The best surviving example of Marquesan tatooing

The best surviving example of Marquesan tattooing

Into it were thrown the bones of the victims after the feast was over

"Into it were thrown the bones of the victims after
the feast was over
"

"Back of the kitchen was the 'larder,' a round, deep hole where the 'long-pig' was kept until ready for the oven. Directly over the mouth of this hole, and about forty feet above it, was the horizontally projecting limb of the sacred banyan, the only tree, by the way, which was permitted to grow within the walls. Over this limb hung a stout rope braided of the fibrous bark of the hau tree. When the call for more meat came from the 'kitchen,' the noosed end of this rope was lowered over the head of the victim next in order, and he was pushed over the brink of the hole, the fall usually breaking his neck. Dismemberment, according to prescribed rules, followed, the choice bits, such as the hands and eyes and ears, being laid aside for the chiefs.

"Beyond the oven, and not far from the chief's house, was what might be called the 'bone-hole,' a rock-lined, well-like sort of an affair about nine feet in diameter and twenty feet deep. Into it were thrown the bones of the victims after the feast was over, and above these gruesome remnants the priests performed certain ceremonies calculated to protect the living from the spirits of the outraged dead. Cutting around the rim of this hole with our cutlasses, we managed, after an hour of tugging and hauling, to dislodge and remove a great mass of creepers, disclosing a huge pile of human bones.

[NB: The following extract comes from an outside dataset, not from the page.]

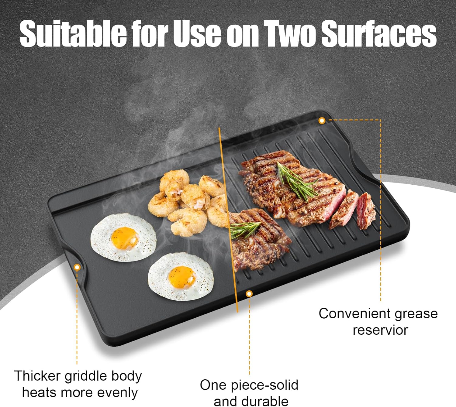- Fast Cook - The reversible grill griddle plate has even heat, cooking speed of food will much quicker than normal, heats up fast and evenly and distribution for delicious meal and perfect searing results. Recess design allows fat to drain downstream, providing a more delicious and healthy meal.

A couple of pieces of mahogany, which must have been taken from some ship, were lying near the top of the heap, and led us to wonder how many of the bones mouldering in the pile beneath were those of white men.

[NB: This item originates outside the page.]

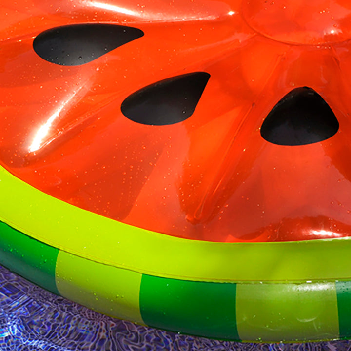 Life is sweet, and so is the summertime, so spend those hot days chilling on a cold slice of watermelon. Measuring 60 inches in diameter, this raft offers space for 1 person to stretch out. Made of durable PVC vinyl materials, you'll enjoy this water raft for years of poolside fun. Whether you're splashing in your backyard swimming pool or floating down the lazy river, this colorful round inflatable is exactly what you need. Easily inflate this watermelon raft with the use of an air pump (not included) or deflate when not in use for a convenient storage solution.
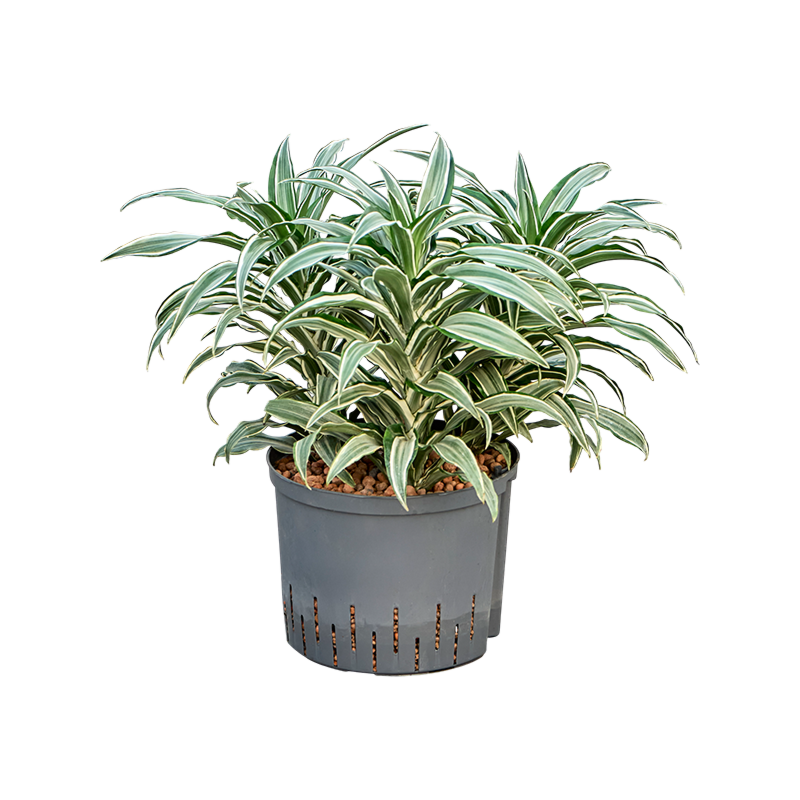 Geef een Dracaena op hydrocultuur eenmaal per maand water tot het middelste streepje op de meegeleverde watermeter, gemarkeerd als OPT, wat de optimale waterstand aangeeft. Laat tussen de gietbeurten de watermeter zakken tot het MIN-niveau. (toelichting)

"After the keen edges of their appetites had worn off, the feasters adjourned to the 'dance hall,' a rectangular subterranean chamber of about thirty by fifty feet. The most of this great room was a natural cave which pierced the mountain immediately under the feast ground, but to seaward a considerable extension of masonry had been added to give more space. The latter had been destroyed in a freshet and hurricane which occurred about two years previous to our visit, but the cave portion was still in a fair state of preservation. This had been roughly squared with walls of fitted boulders, and off from it opened numerous little retiring rooms which connected with private stairways with the group of guest-houses above. The floor of this chamber was covered with a cement made of coral lime and a puttylike clay, and still remains as smooth and hard as concrete.

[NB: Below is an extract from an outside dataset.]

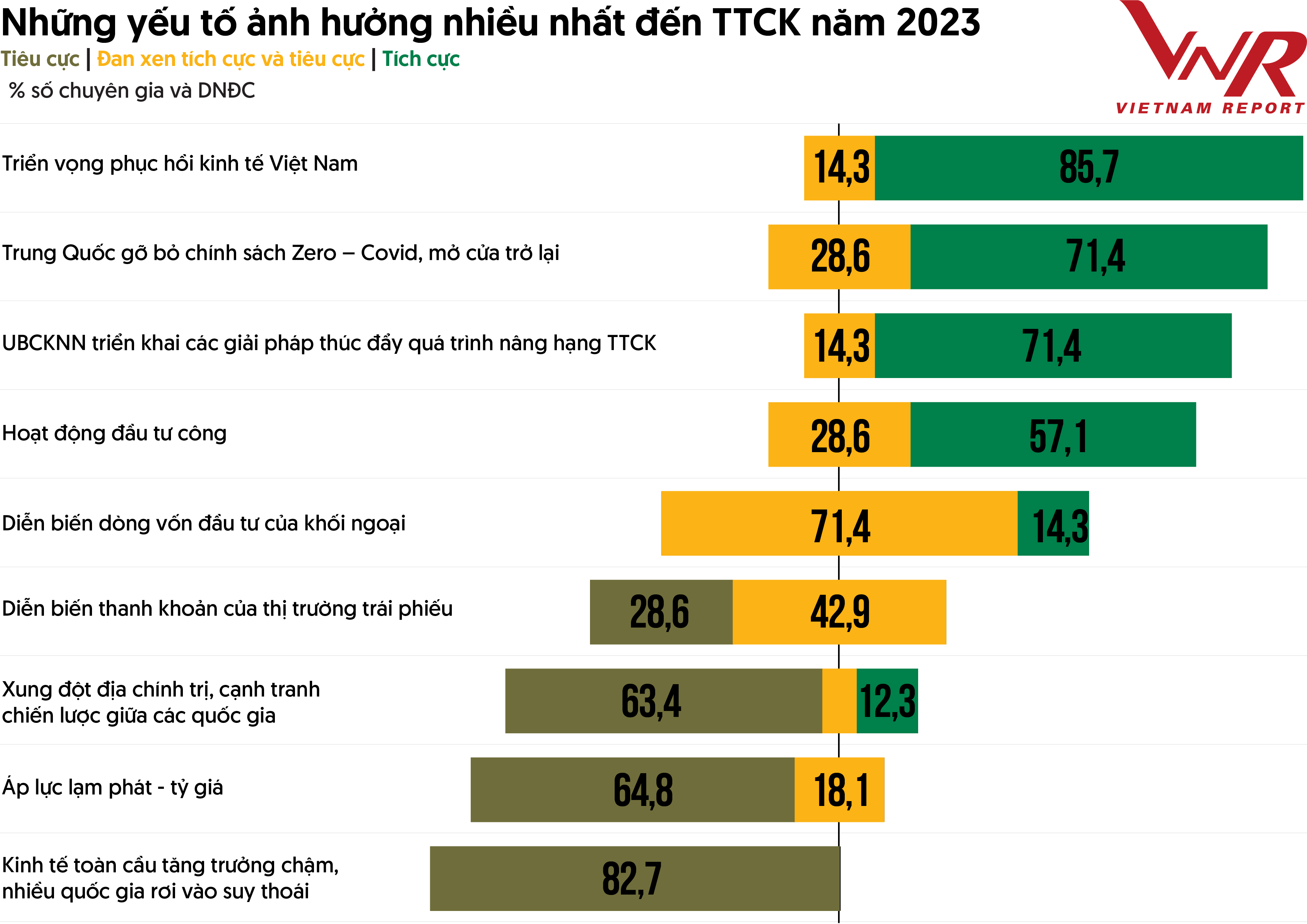 Một số yếu tố có thể gây ra những tác động lớn trên TTCK Việt Nam trong năm nay bao gồm: Triển vọng phục hồi kinh tế Việt Nam; Trung Quốc gỡ bỏ chính sách Zero - Covid, mở cửa trở lại; Đẩy mạnh chương trình phục hồi và đầu tư công; Diến biến dòng vốn đầu tư của khối ngoại; Diễn biến thanh khoản trên thị trường trái phiếu…

"The hall was lighted with torches of kukui nuts, the sooty stains of which on the walls the seepages of years have not entirely effaced. Fantastic indeed must have been the barbaric assemblage as revealed in their flickering light: the hideously tattooed dancers in head-dresses fashioned in imitation of the forms of birds and animals and fishes; the musicians drumming on the hollow trunks of burao and hau, shaking shell and bone rattles, tooting conches and blowing shrill cane whistles; the packed ranks of the spectators, shouting and clapping encouragement and tossing off epu after epu of the fiery coconut wine. Hour after hour the dancers reeled in the delirious abandon of the Marquesan hula; now gliding, with a sinuous, snaky motion, their oil-glistening bodies bent almost to the floor; now leaping wildly into the air, with shouts and shrill screams, lunging with their war clubs at imaginary foes; now seated on long woven mats of pandanus fibre before the dais where royalty reclined, bending and swaying their supple forms in a series of graceful, rhythmic motions, accompanied only by a song, the clappings of hands or the beating of the wooden drums. The boom of the drums, the shrilling of the whistles, the shouts of the spectators, the shrieks of the dancers and the swishings of their bare feet upon the floor—how it all must have stirred and amazed even those roistering old pirate and whaling captains when it struck upon their ears for the first time!"